Exercise requirements ::
Going through the material below, output exactly the lines from the one containing "英雄联盟这款游戏的相关账号内" through the one containing "</script>아무 url이나 입력해서", and no pictures.

Records for processing ::
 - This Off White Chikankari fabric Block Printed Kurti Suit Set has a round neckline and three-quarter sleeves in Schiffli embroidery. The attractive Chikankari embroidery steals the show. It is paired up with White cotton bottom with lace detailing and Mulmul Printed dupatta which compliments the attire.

...

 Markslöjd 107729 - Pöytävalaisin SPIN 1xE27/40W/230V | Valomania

* * *

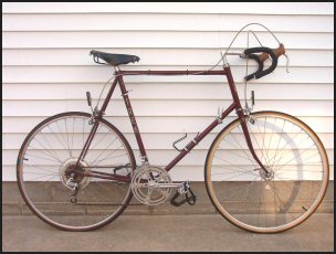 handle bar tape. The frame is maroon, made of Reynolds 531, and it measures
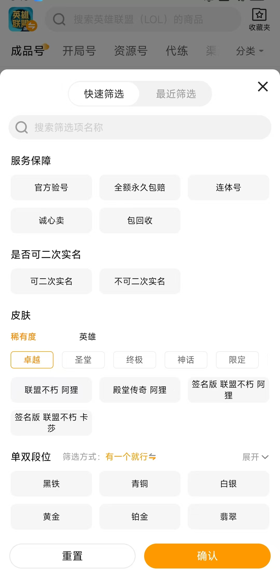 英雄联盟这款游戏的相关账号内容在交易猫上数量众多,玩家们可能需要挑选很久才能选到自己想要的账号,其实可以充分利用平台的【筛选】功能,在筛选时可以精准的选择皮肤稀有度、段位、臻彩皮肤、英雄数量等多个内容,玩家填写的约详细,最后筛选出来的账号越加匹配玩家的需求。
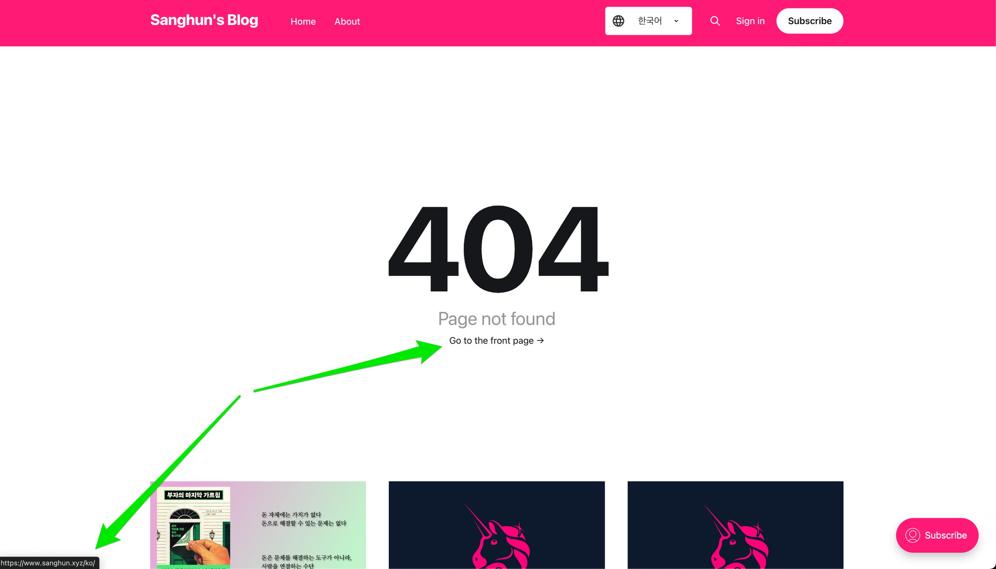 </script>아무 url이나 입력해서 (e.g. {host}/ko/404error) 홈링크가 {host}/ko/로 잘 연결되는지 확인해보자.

Result for this exercise ::
 英雄联盟这款游戏的相关账号内容在交易猫上数量众多,玩家们可能需要挑选很久才能选到自己想要的账号,其实可以充分利用平台的【筛选】功能,在筛选时可以精准的选择皮肤稀有度、段位、臻彩皮肤、英雄数量等多个内容,玩家填写的约详细,最后筛选出来的账号越加匹配玩家的需求。
 </script>아무 url이나 입력해서 (e.g. {host}/ko/404error) 홈링크가 {host}/ko/로 잘 연결되는지 확인해보자.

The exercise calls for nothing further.